▸ Data for review:

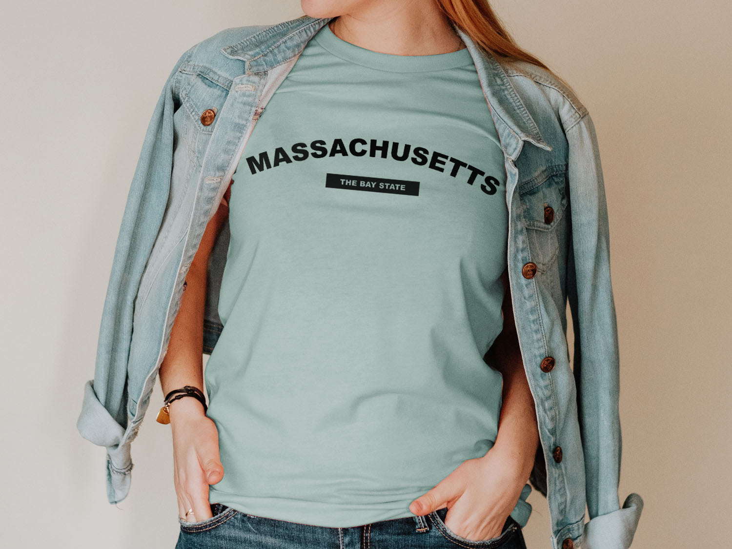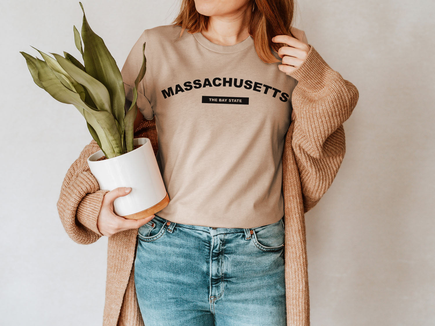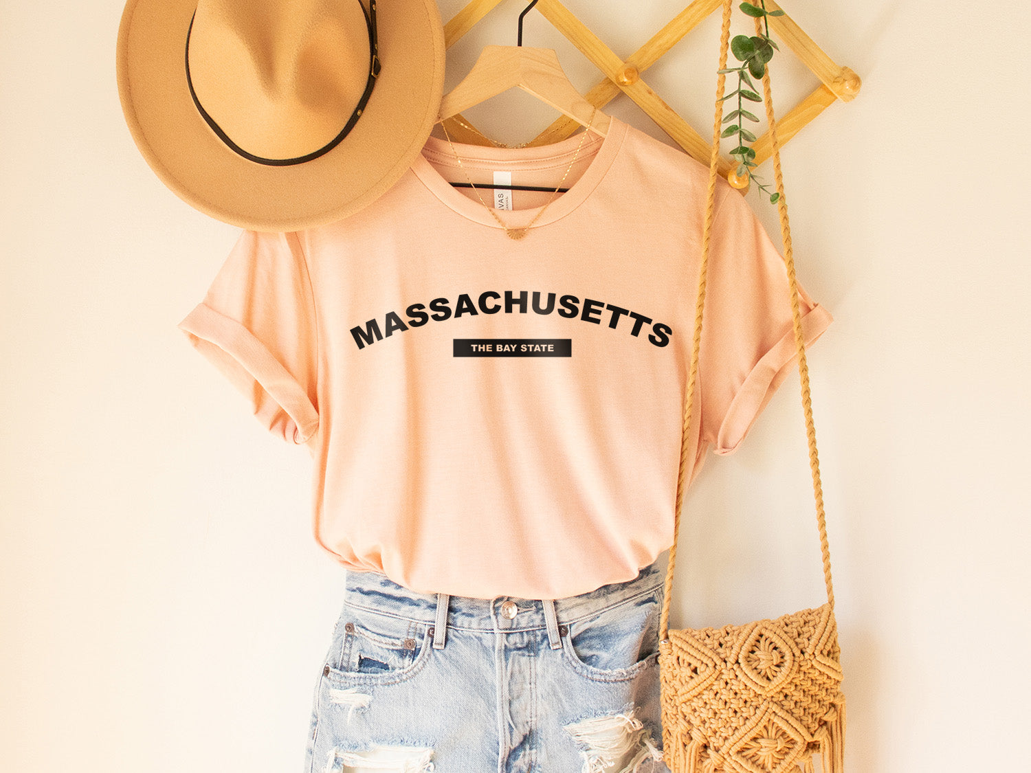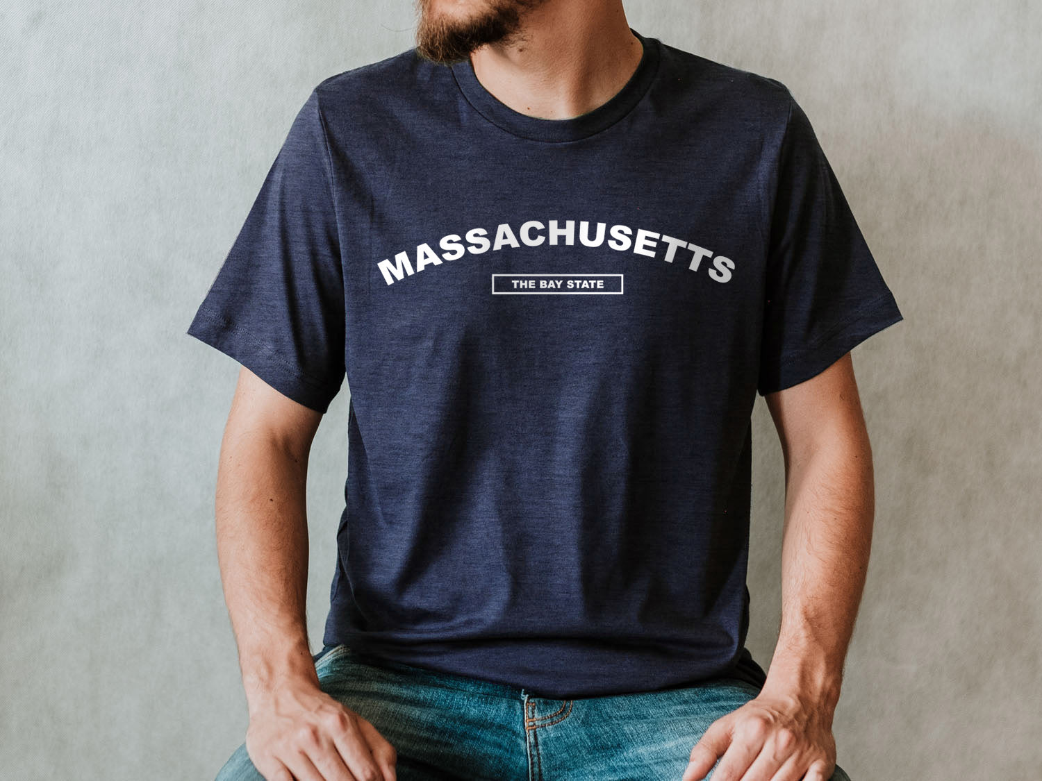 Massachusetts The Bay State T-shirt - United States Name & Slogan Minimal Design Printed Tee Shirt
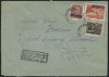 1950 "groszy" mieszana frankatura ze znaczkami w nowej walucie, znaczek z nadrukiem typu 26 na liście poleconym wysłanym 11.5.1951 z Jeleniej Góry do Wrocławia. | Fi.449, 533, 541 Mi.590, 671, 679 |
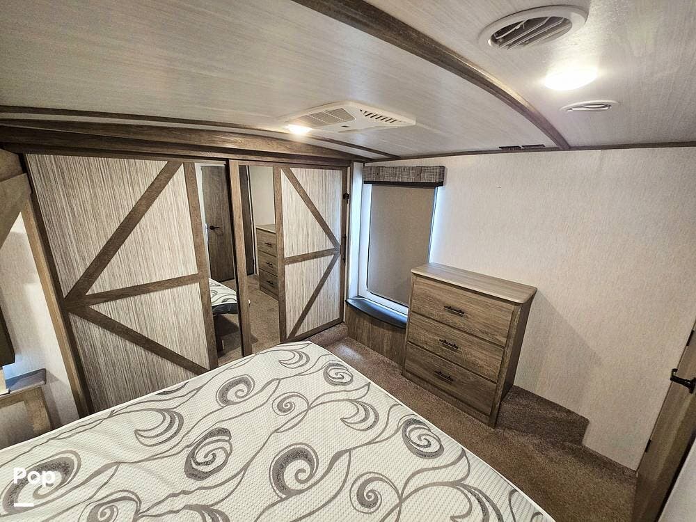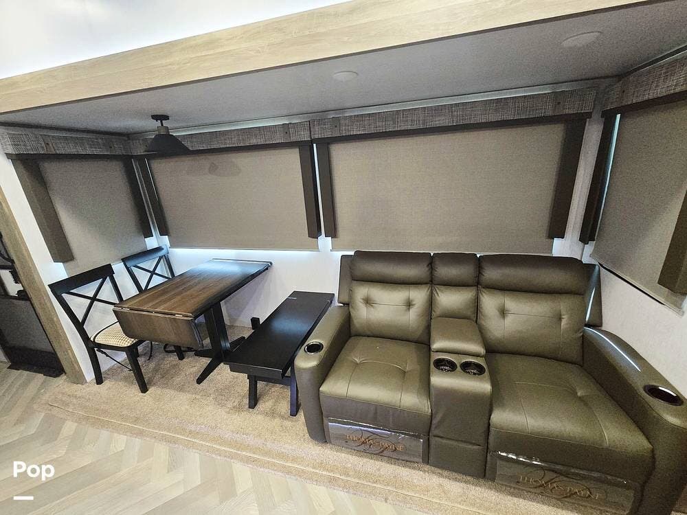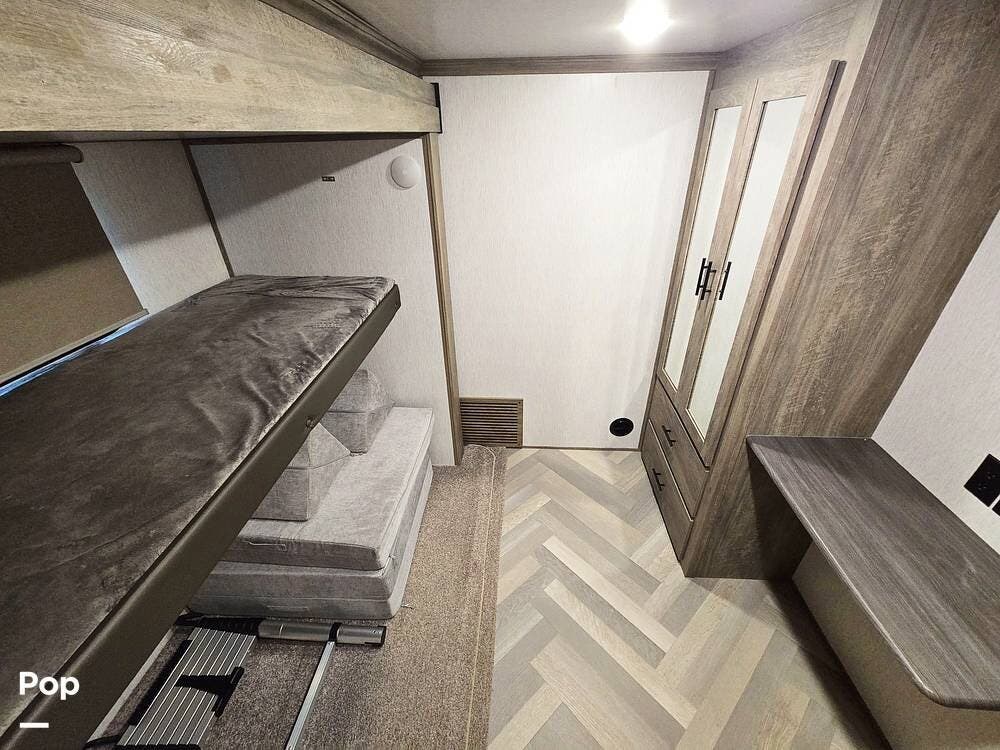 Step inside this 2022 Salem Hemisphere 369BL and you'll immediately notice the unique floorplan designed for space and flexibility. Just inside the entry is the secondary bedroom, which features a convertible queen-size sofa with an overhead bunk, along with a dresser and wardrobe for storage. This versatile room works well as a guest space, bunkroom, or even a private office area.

---

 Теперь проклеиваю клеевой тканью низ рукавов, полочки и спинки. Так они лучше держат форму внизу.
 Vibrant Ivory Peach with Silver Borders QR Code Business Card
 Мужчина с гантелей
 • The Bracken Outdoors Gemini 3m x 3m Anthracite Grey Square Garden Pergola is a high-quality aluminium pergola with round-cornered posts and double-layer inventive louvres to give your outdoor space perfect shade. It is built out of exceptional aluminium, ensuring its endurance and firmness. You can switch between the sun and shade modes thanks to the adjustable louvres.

* * *

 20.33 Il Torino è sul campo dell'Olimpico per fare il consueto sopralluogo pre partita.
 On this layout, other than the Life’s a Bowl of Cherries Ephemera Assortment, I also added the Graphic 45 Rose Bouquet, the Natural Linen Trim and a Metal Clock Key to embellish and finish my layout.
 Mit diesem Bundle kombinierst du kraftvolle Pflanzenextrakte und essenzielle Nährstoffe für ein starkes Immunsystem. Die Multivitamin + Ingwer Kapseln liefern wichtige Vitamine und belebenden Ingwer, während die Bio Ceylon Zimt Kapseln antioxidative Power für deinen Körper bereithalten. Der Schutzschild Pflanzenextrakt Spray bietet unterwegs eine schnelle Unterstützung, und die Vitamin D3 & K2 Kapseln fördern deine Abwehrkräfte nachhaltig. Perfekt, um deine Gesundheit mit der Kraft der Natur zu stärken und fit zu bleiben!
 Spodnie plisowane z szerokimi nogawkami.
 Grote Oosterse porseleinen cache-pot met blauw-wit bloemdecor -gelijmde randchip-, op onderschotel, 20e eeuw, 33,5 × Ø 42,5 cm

▸ What needs to be done: Beginning at the line that has "Mi.590, 671, 679 |" and ending at the line that has "Step inside this", restate the listing above word for word, pictures left out.

▸ Problem solution:
 1950 "groszy" mieszana frankatura ze znaczkami w nowej walucie, znaczek z nadrukiem typu 26 na liście poleconym wysłanym 11.5.1951 z Jeleniej Góry do Wrocławia. | Fi.449, 533, 541 Mi.590, 671, 679 |
 Step inside this 2022 Salem Hemisphere 369BL and you'll immediately notice the unique floorplan designed for space and flexibility. Just inside the entry is the secondary bedroom, which features a convertible queen-size sofa with an overhead bunk, along with a dresser and wardrobe for storage. This versatile room works well as a guest space, bunkroom, or even a private office area.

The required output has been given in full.